Tesla Just Hired a Famous Apple Programmer to Run Autopilot
Tesla has snapped up one of tech’s best minds to front its autopilot efforts. Chris Lattner, who until recently was senior director of Apple’s developer tools department, was announced on Tuesday as Tesla’s new vice president of autopilot software.
Lattner has an impressive resumé. He first joined Apple back in 2005 as a senior compiler engineer and tech lead, rising up the ranks to reach senior director in September 2011. In 2010, Lattner started development of what is possibly his greatest achievement: Swift, a new programming language designed to for developing apps on both Apple platforms and Linux.
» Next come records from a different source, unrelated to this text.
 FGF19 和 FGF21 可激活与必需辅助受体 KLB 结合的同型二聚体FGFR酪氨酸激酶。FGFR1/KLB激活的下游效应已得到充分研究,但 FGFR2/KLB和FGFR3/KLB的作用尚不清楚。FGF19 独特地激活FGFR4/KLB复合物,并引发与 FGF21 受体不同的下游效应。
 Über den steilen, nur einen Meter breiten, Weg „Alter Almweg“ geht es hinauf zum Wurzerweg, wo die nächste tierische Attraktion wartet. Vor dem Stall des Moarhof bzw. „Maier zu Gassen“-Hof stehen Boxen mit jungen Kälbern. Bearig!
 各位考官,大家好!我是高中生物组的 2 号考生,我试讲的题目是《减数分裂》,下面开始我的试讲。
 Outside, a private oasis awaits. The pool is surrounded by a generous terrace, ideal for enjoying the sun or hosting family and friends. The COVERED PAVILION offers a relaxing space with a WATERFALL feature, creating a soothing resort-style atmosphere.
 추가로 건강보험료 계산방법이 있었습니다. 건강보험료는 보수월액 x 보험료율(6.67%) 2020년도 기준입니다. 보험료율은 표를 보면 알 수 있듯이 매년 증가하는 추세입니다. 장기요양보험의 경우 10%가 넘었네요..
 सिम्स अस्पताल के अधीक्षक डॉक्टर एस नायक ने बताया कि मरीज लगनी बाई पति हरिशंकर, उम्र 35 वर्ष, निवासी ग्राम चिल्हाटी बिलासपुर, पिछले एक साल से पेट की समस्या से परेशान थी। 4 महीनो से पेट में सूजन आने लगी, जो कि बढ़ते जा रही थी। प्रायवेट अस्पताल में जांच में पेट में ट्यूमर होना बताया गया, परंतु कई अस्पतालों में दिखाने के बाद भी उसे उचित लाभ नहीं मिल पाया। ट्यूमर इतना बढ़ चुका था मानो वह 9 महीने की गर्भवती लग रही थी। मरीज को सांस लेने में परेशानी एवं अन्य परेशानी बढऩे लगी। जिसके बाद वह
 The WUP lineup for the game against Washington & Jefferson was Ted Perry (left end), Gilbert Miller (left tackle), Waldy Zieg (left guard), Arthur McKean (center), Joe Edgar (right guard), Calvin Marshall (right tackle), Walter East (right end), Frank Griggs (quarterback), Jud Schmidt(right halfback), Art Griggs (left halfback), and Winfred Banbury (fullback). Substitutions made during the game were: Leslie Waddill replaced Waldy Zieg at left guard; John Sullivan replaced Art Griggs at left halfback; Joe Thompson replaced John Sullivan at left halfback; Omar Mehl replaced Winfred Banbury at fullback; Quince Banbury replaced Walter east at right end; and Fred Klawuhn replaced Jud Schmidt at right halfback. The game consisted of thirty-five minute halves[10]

Its launch at the company’s Worldwide Developer Conference in 2014 stunned developers, who had no idea Apple had spent the past four years designing a modern language.
“This is a “holy shit!” hiring by Tesla,” Apple blogger John Gruber said on Tuesday. “A year or two ago it felt like Apple was gunning for Tesla’s lead in electric cars. Now, it feels like Apple is out of the car game, and Tesla is gunning for Apple’s lead in computing. You can’t overstate what a star Chris Lattner is.”
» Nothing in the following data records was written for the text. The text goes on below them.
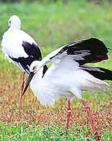 Tokyo (AFP) Sep 24, 2005 Five artificially bred white storks flew into open skies from a Japanese park Saturday as part of a half-century effort to protect and return the endangered species to the wild, officials said. "All the five took off just fine," said an official at a protection centre for the endangered storks in Hyogo prefecture in western Japan. Prince Akishino, the second son of Emperor Akihito, and Akishino's wife Kiko cut a red-and-white ribbon to open a box and release the first of the five storks in a ceremony joined by 200 academics, politicians and local officials. Thousands of spectators applauded and cheered as the white birds with black-hemmed wings were released. It was the first time that artificially-bred oriental white storks had been released in an attempt to bring them back to the wild, the park said. It was also the first time in more than three decades that the birds had flown in Japanese skies as the last domestic wild stork died shortly after being taken into protective captivity in 1971. "As there are no boundaries for birds, I hope the day will come when we see oriental white storks flitting about in Northeast Asia," Hyogo Governor Toshizo Ido said after the release. There are only about 2,000 oriental white storks in the world, the majority of them in Russia and China. Japan designated the storks as a national treasure in 1956 as their numbers plunged following rapid urban development and increasing pollution. The state and Toyooka city in Hyogo started projects to breed the bird in the 1960s. The first success came in 1989 using a pair donated by the then Soviet Union. The five storks released Saturday were three females and two males born between 1998 and 2003 which had been trained to fly and feed themselves in order to survive in the wild. Each of them is carrying an 80-gram (2.8 ounce) tracking device on their back which will send data to a US weather satellite 850 kilometers (530 miles) above Earth. The data will then be passed to Japanese researchers via the Internet. Community Email This Article Comment On This Article Related Links SpaceDaily Search SpaceDaily Subscribe To SpaceDaily Express Darwin Today At TerraDaily.com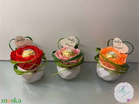 - Anyaga: műanyag kaspó, szatén szalag, ferrero roscher csoki, mű zöld kiegészítő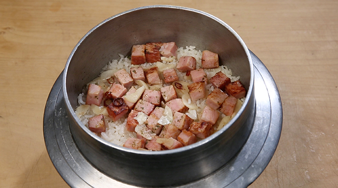 - 炊飯器の釜に浸水して水気を切った米とコンソメスープ、塩、ハーブソルト、おろしにんにく、アンチョビソースを入れて混ぜ、炒めた具材と氷を入れて炊く。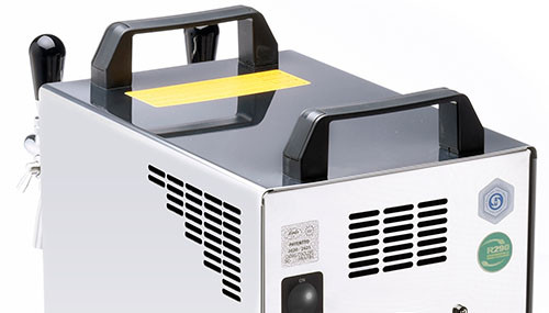 Maskinen levereras med en rostfri droppbricka och en justerbar temperaturkontroll med sju olika inställningar (2-10°C). Två handtag på ovansidan av maskinen gör den enkel att hantera.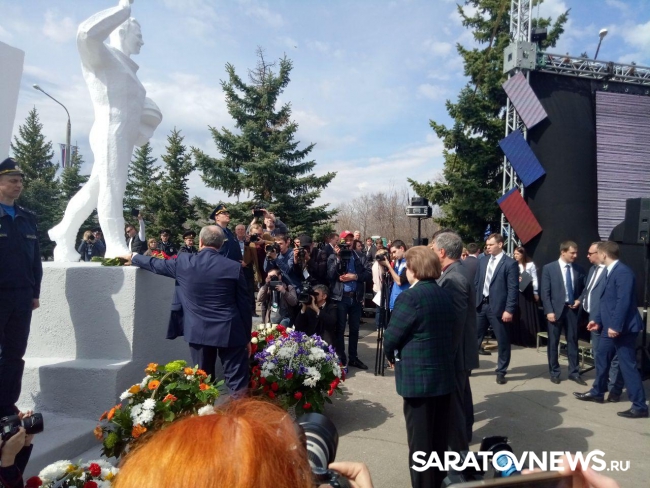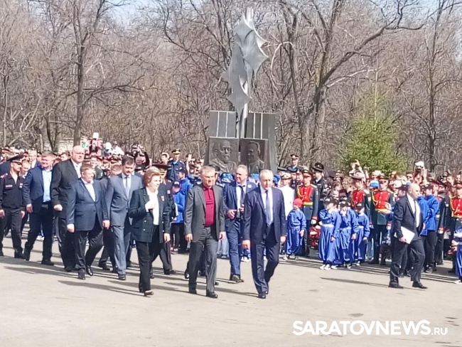 Терешкова, Володин и Радаев возложили цветы к памятнику Гагарину и поздравили жителей региона с Днем космонавтики.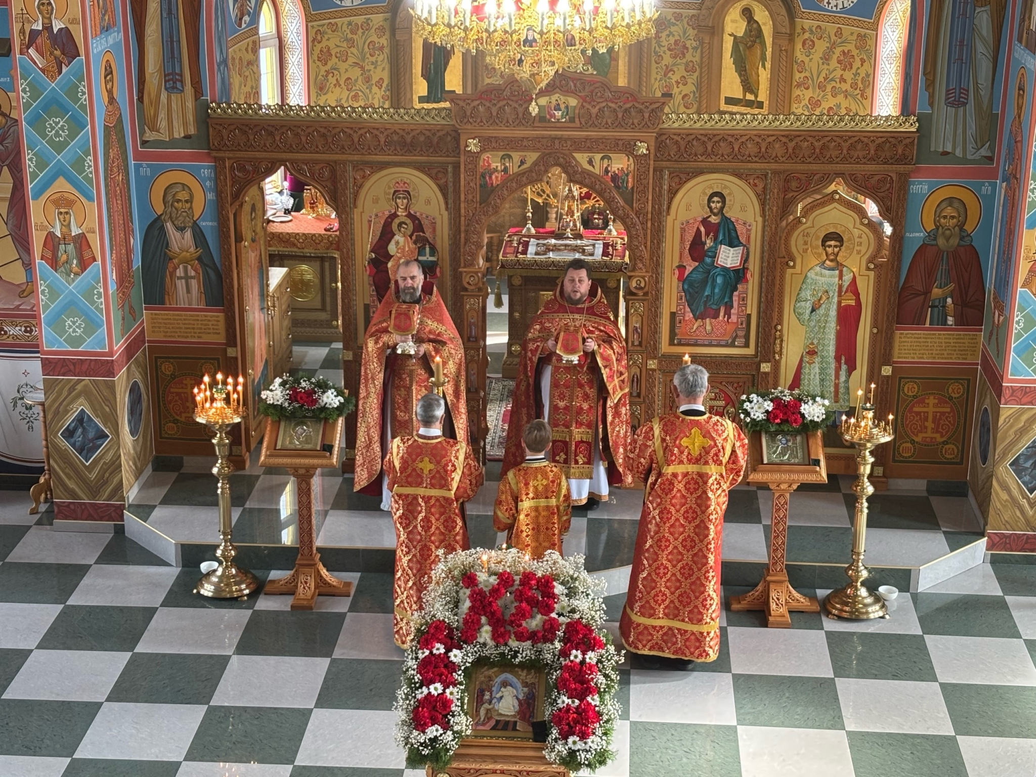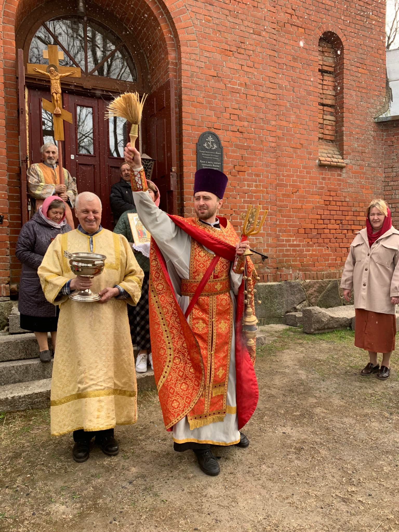По окончании Божественной литургии дружно прошли крестным ходом вокруг храма.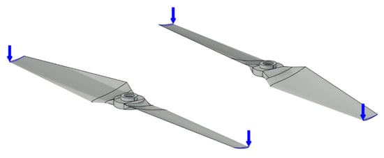 The simulation for the propellers is conducted by approximating the maximum thrust model to be twice the weight of the drone; the weight of the drone is 10.79 N, therefore, the simulated force is 21.58 N. This force is distributed across the four motors and two tips per propeller blade, resulting in approximately 2.69 N per propeller blade tip. The study is simplified by applying a load of 3N at the tips of the blades to analyse how the lift distribution affects the performance of the propeller and evaluate its strength. Figure 3 illustrates the exact points where the force is applied.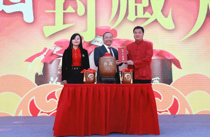 本次竞买环节还邀请到了去年封藏大典30年头锅原浆汾酒的竞得者新华都购物广场股份有限公司董事长金志国先生莅临现场,与华泽集团董事长吴向东先生的代表一起担任助拍嘉宾,金志国先生在讲话中对头锅原浆汾酒赞不绝口:“一年升值50%,这酒买的太值了!”。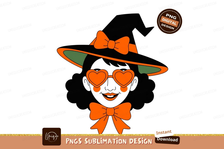 Witch hat heart glasses bow orange green example image 1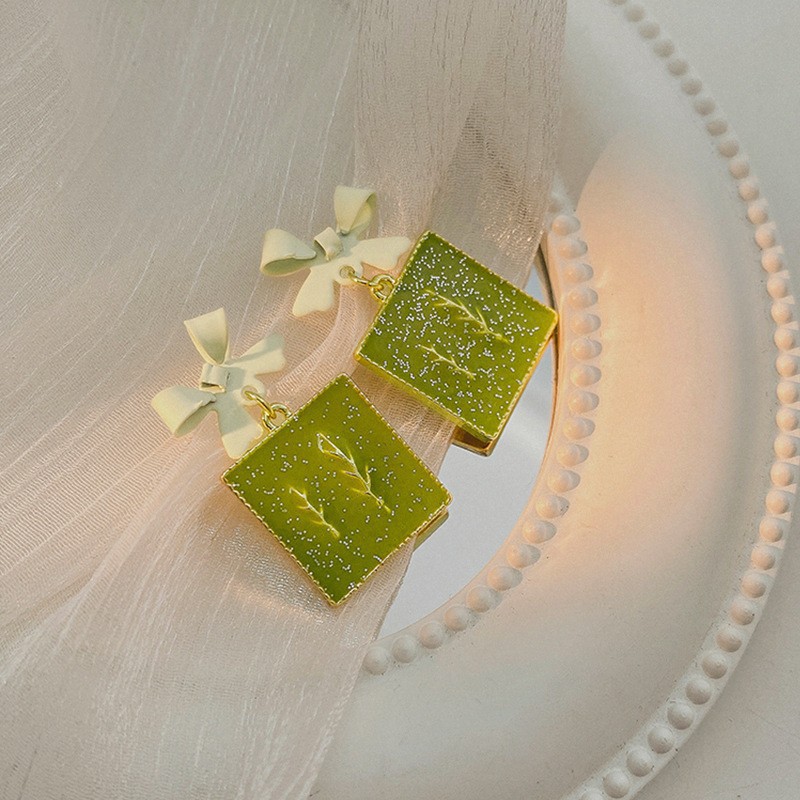 13# earrings-green bow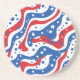 This sandstone coaster is shown in a patriotic July 4th stars and stripes mod print design.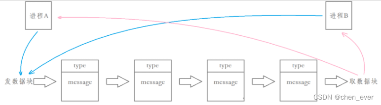 消息队列实际上就是在系统当中创建了一个队列,队列当中的每个成员都是一个数据块,这些数据块都由类型和信息两部分构成,两个互相通信的进程通过某种方式看到同一个消息队列,这两个进程向对方发数据时,都在消息队列的队尾添加数据块,这两个进程获取数据块时,都在消息队列的队头取数据块。

It’s easy to see why Tesla would need a mind like Lattner’s. The company is working hard to enable autonomous driving in its recently-launched Hardware 2 Tesla vehicles. Tesla has publicly stated it aims to achieve autonomous cross-country road trips by the end of the year. It’s a big task, as industry peers believe 2020 is a more realistic timeframe, but Lattner could give the team a boost in reaching their target.
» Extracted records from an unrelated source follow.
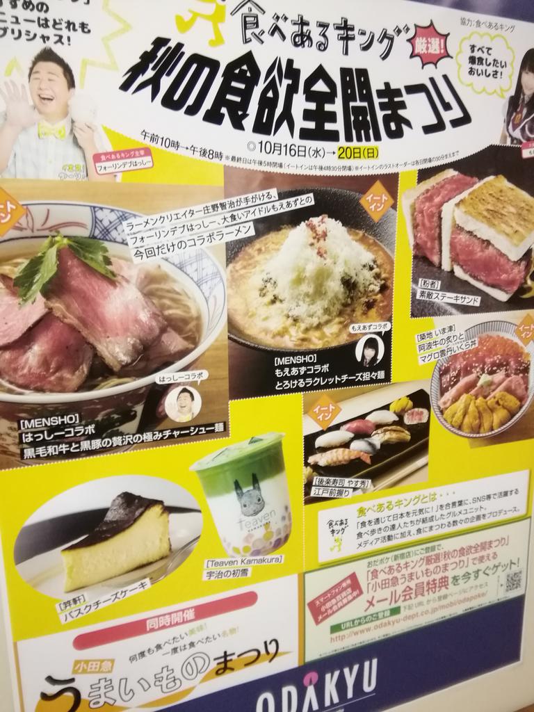 昨日の小田急「秋の食欲全開まつり」で食べたラクレットチーズ坦々麺。すごく美味しかった。こういう納得できる料理、商品に出会えるのはうれしいし楽しい。こういったデパートでの催しは本来大好き。大好きだからよく顔を出す。素敵ステーキサンドは多分レアケース。(^∇^) pic.twitter.com/Rpg0cNRyVO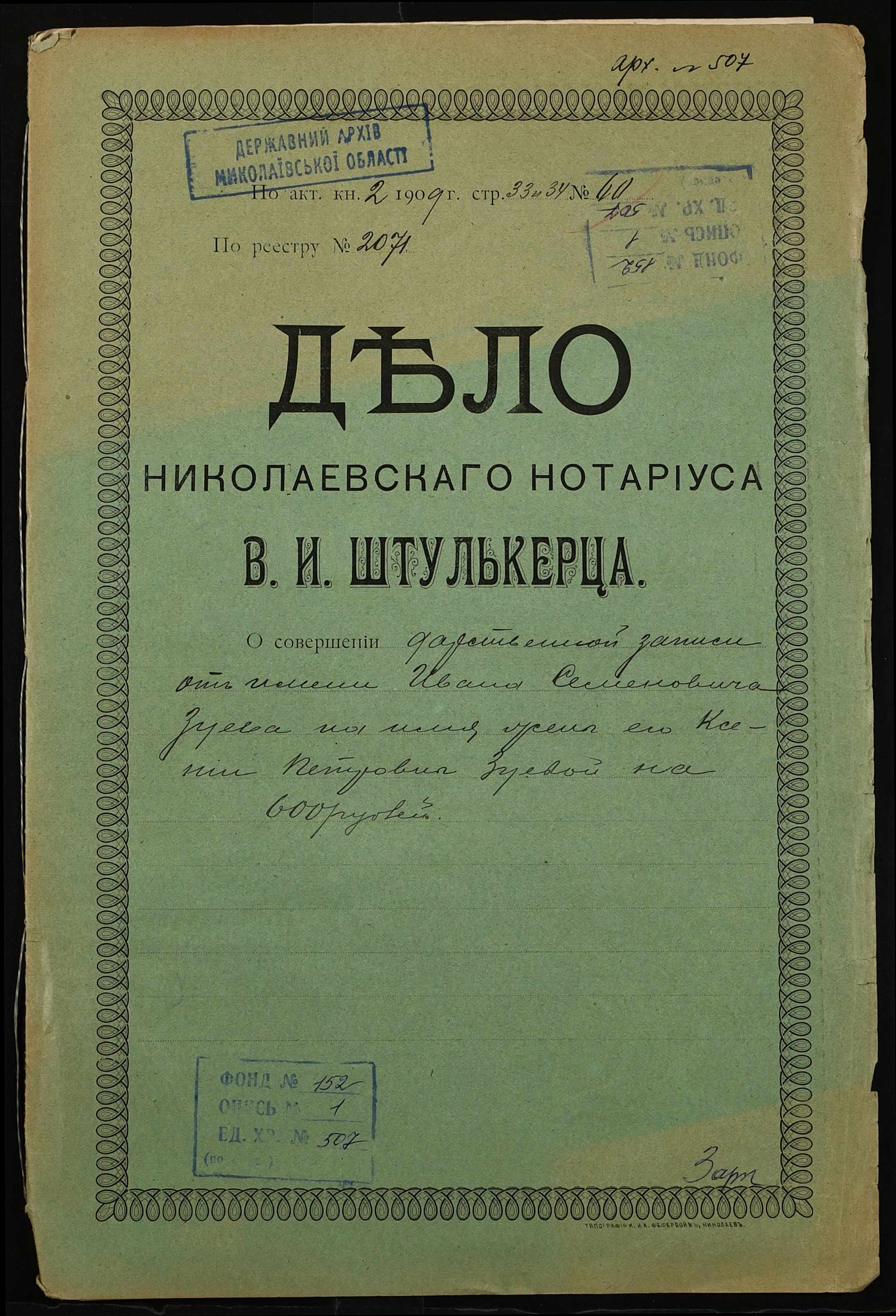 Фонд 152 / Опис 1 / Справа 0507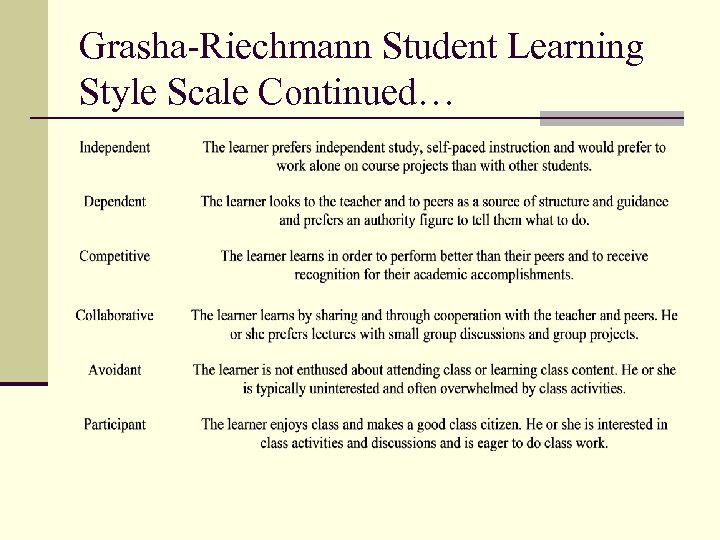 Grasha-Riechmann Student Learning Style Scale Continued…

“Tesla’s approach to building an autonomy platform is focused on high compute efficiency machine learning,” Musk said on Tuesday. “Primarily vision w radar & sonar.”
Ted Kremenek, currently senior manager of languages and runtime, will take over from Lattner as head of Swift. Lattner will take over from Jinnah Hosein, SpaceX’s vice president of software, who will now return to serving full-time in his role at SpaceX.